The Crawl Pages action loops through the pages of a web site. In effect, it crawls the web site one web page at a time. Hence, the first iteration crawls the first page, the second iteration crawls the second page, and so on.
The Crawl Pages action accepts a loaded page as part of the input, such as the start page of the web site. The output contains the next crawled web page.
Crawl Pages robot command result in each link being fully loaded and the Javascript on the page executing.
Each link that is traversed will be loaded and any Javascript on the page is executed.

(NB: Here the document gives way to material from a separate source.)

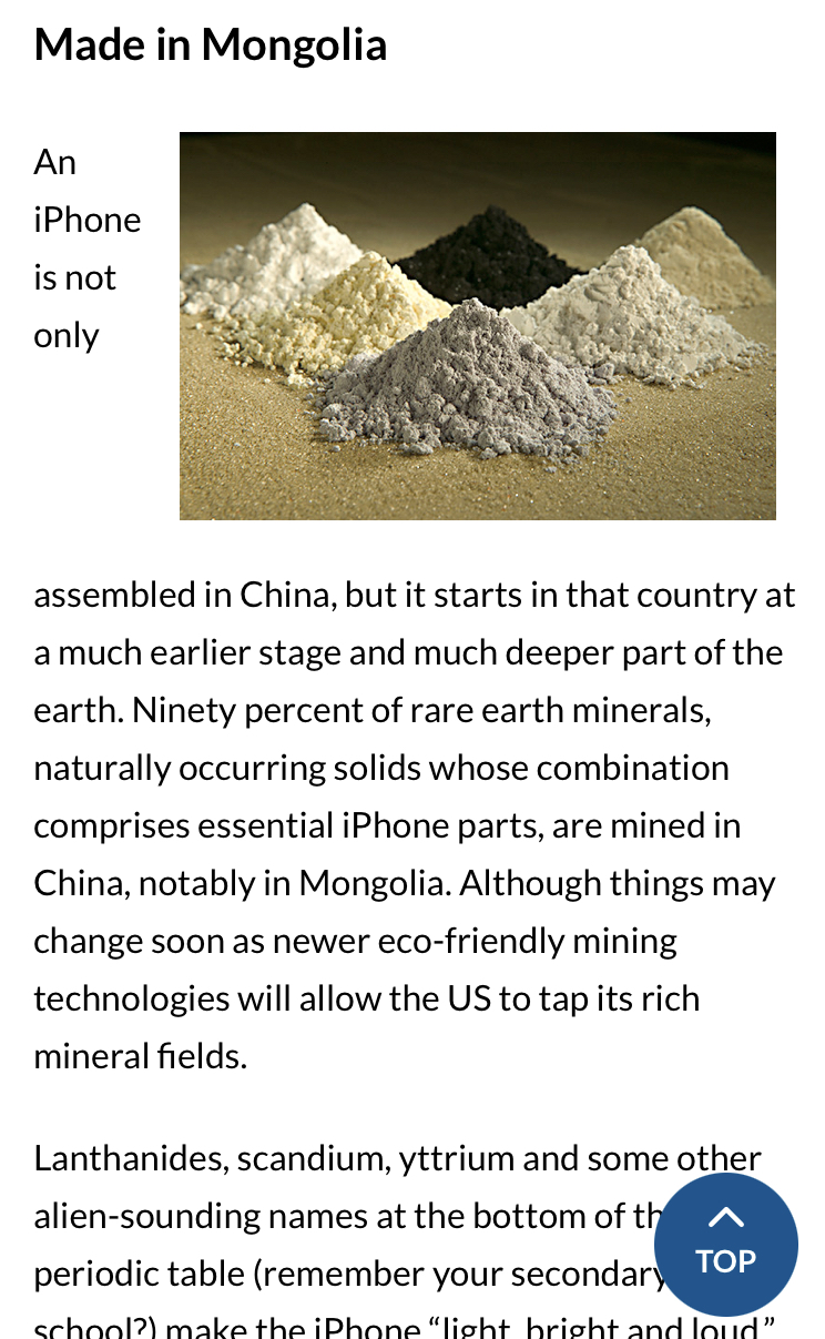 Assembled by a company called Hon Hai Precision, a chinese owned company. Just a small amount of research shows that a majority of iphones and ipads are built in the shenzen,china factories. They own and operate factories all over the world, you are correct there. They do make SOME iphone and ipads in Taiwan, but not all and not a majority. Either way you cook it, the majority of the money for production is going through mainland china first, I’m sure some makes it back to california. The image was more for the first line that said “Not only are they made in china”Are we going to do an elemental origin analysis? Let me know what product will be left.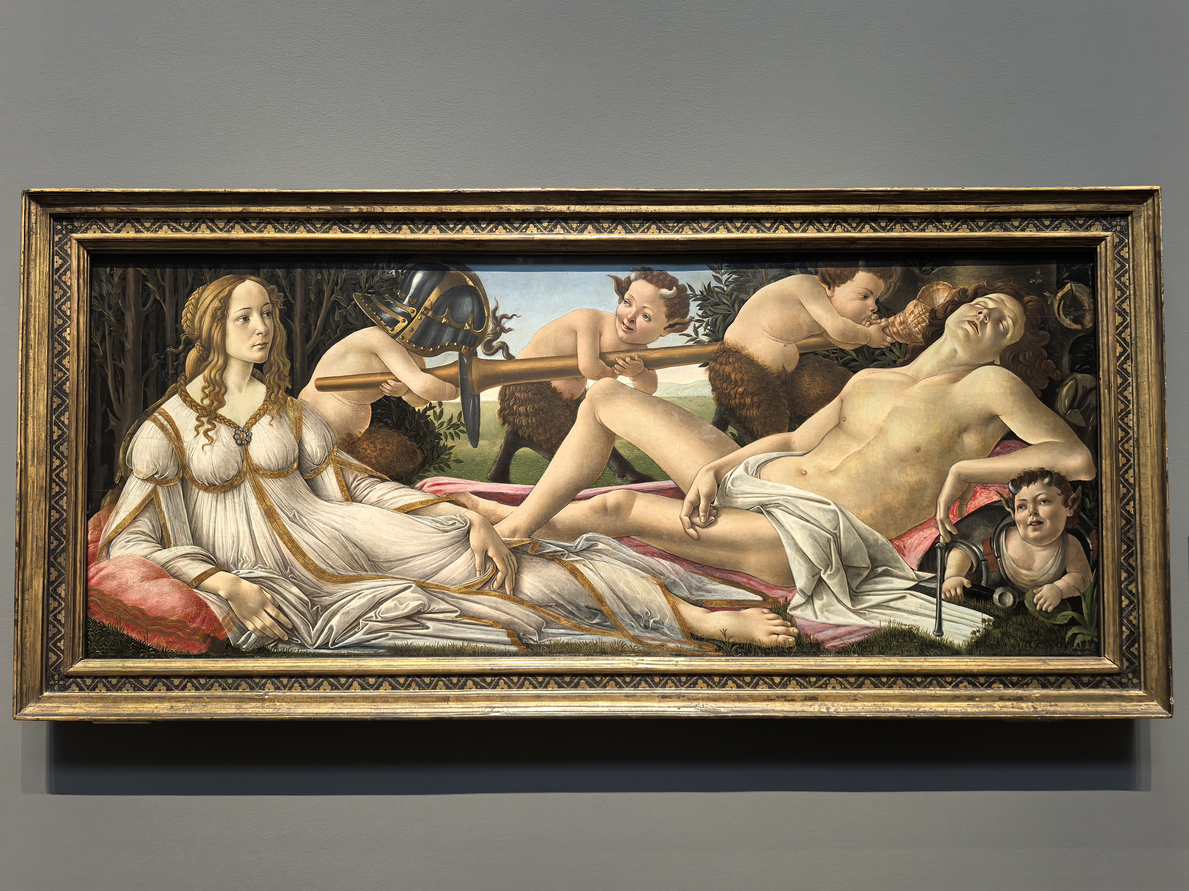 主播自摄,波提切利,战神与维纳斯,约1485年,蛋彩画于木板上,69.2 × 173.4 cm,National Gallery, Lonodn

You can verify the behavior by creating a robot that will crawl a few levels of a website that you know utilizes JavaScript.
Turn on the BROWSER TRACER tool (TOOLS > Open Browser Tracer > push the RED button to start recording traffic)
As you step through the robot, you can use the BROWSER TRACER tool to verify the HTTP traffic as well as what Javascript was executed.
If you wish to try having the CRAWL PAGES traverse links/pages without executing any Javascript, you could turn off EXECUTE JAVASCRIPT at the Global Configuration level for the entire robot (File > Configure Robot > BASIC Tab > [CONFIGURE] > Javascript Execution)
How to Crawl an Entire Site
In this example, we wish crawl an entire site.
- Add a step with the Load Page action that loads the main page.
- Add a new step and choose the Crawl Pages action.
- On the Rules tab, add a Crawling Rule that applies to all pages in the site, e.g. by specifying the domain that the pages belong to or by making a pattern that the URL should match. For these pages, the rule should specify "Crawl Entire Page" and "Output the Page".
- On the Rules tab, set the "For all Other Pages" property to "Do Not Crawl".
- After the step with the Crawl Pages action, add steps to handle each page, e.g. by extracting information into returned variables.
How to Crawl a Popup Menu
In this example, we wish to discover all the pages that a popup menu links directly to. We do not wish to continue crawling from these pages.
- Add a step with the Load Page action that loads the main page.
- Add a new step and choose the Crawl Pages action.
- Select the menu bar as named tag.
- Notice that the "Automatically Handle Popup Menus" option on the Crawling tab is checked.
- On the Rules tab, add a Crawling Rule saying that for "All URLs" we "Do Not Crawl", but "Output the Page".
- After the step with the Crawl Pages action, add steps to handle each page, e.g. by extracting information into returned variables.